- Opening Delimiter -

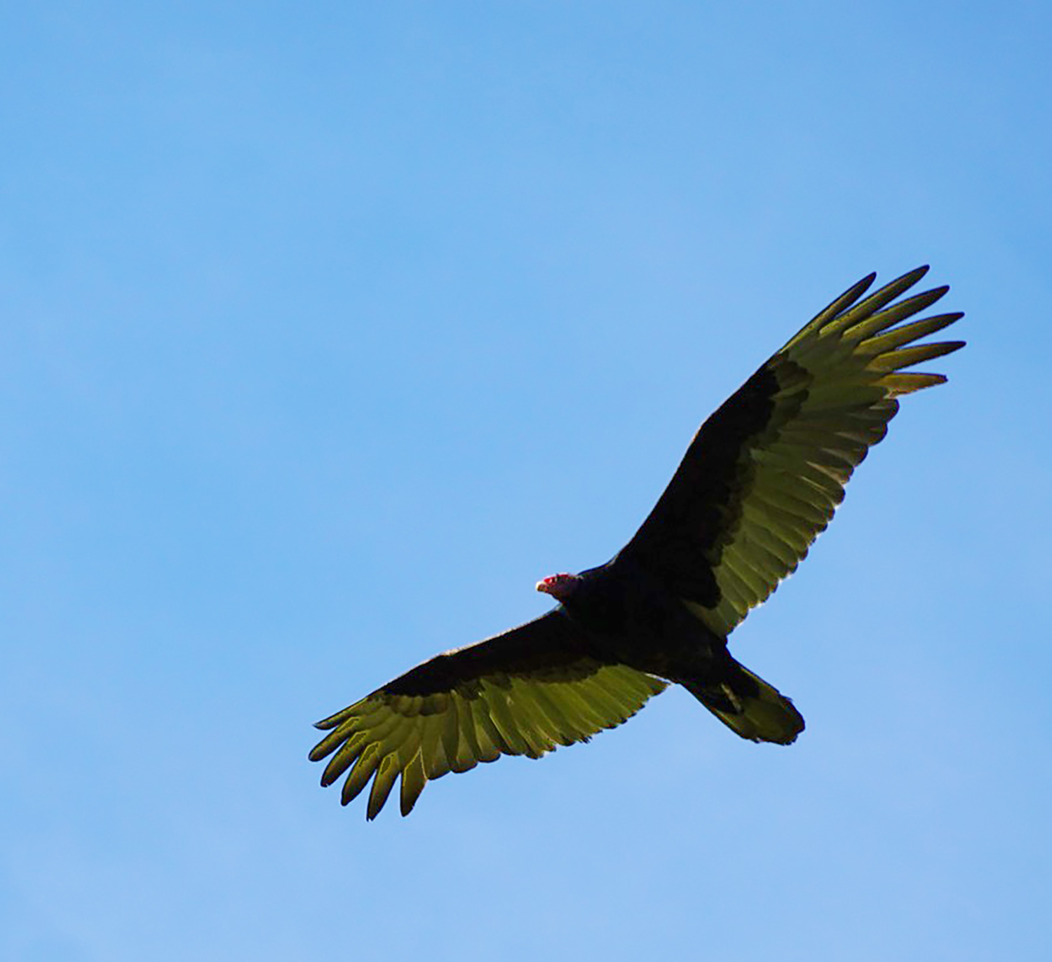 Like cormorants, turkey vultures often hold their wings half-open after feeding, and the outline of a turkey vulture against the sky shows a more bent wing outline than an eagle. Turkey vultures are considered to be the inspiration for the much-revered thunderbird in Native American iconography – not the eagle.
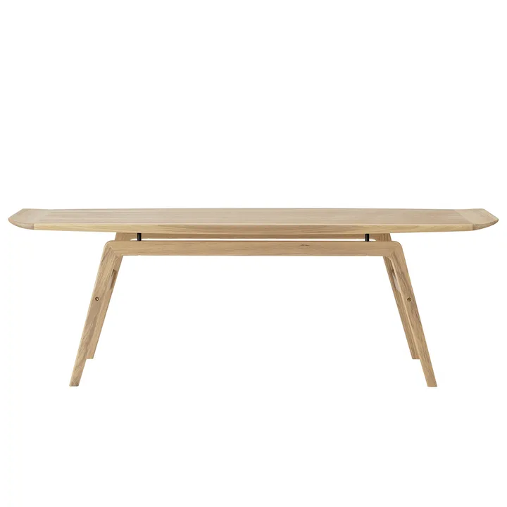 A Mesa de centro Surfboard 152x52 cm da marca dinamarquesa Warm Nordic foi originalmente desenhada em 1959 pelo renomado designer de móveis dinamarquês Arne Hovmand Olsen. Como o nome sugere, a clássica mesa de madeira foi inspirada na forma de uma prancha de surf e suas laterais elevadas conferem à mesa uma silhueta muito elegante. O comprimento generoso da mesa é perfeito para acomodar convidados extras no sofá. Escolha entre diferentes belos tipos de madeira.
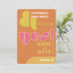 Joyful, fun, a little funky, and definitely a sophisticated statement, this modern geometric typography save the date card tells all your friends and family that you said "yes!" in distinctive style.
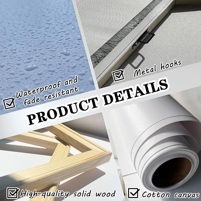 - HI-Q MATERIAL: high quality, HD prints on premium canvas, waterproof, UV resistant, fading resistant indoor. But colors may appear slightly different to each user due to individual monitors.
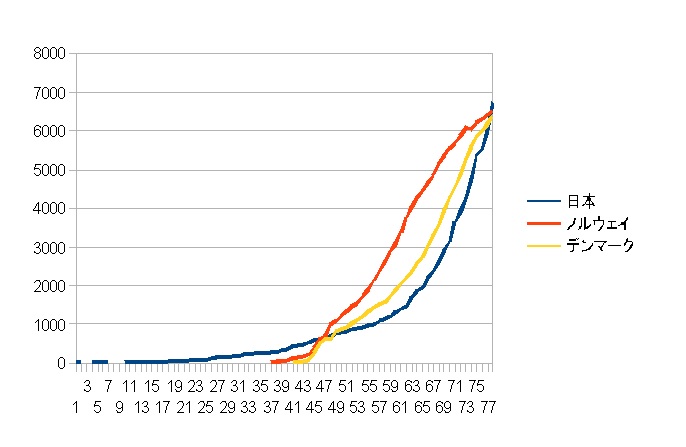 以下は現在の感染者数が日本に近い6000人台の日本(青)、ノルウェイ(赤)、デンマーク(黄)の感染者数推移を表したグラフ。
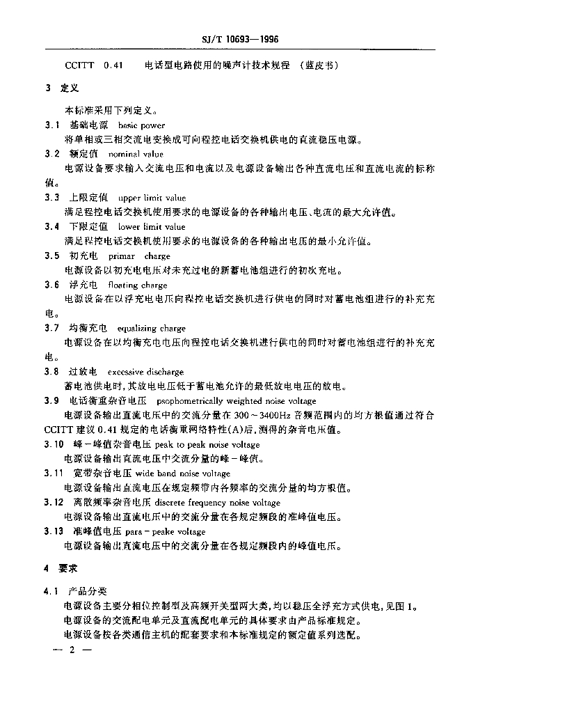 SJ/T 10693-1996 程控电话交换机电源通用技术条件

- Closing Delimiter -

All lines above between the line that contains "- HI-Q MATERIAL: high" and the last line of the entries, both included, must be transcribed exactly. No pictures are to appear.

 - HI-Q MATERIAL: high quality, HD prints on premium canvas, waterproof, UV resistant, fading resistant indoor. But colors may appear slightly different to each user due to individual monitors.
 以下は現在の感染者数が日本に近い6000人台の日本(青)、ノルウェイ(赤)、デンマーク(黄)の感染者数推移を表したグラフ。
 SJ/T 10693-1996 程控电话交换机电源通用技术条件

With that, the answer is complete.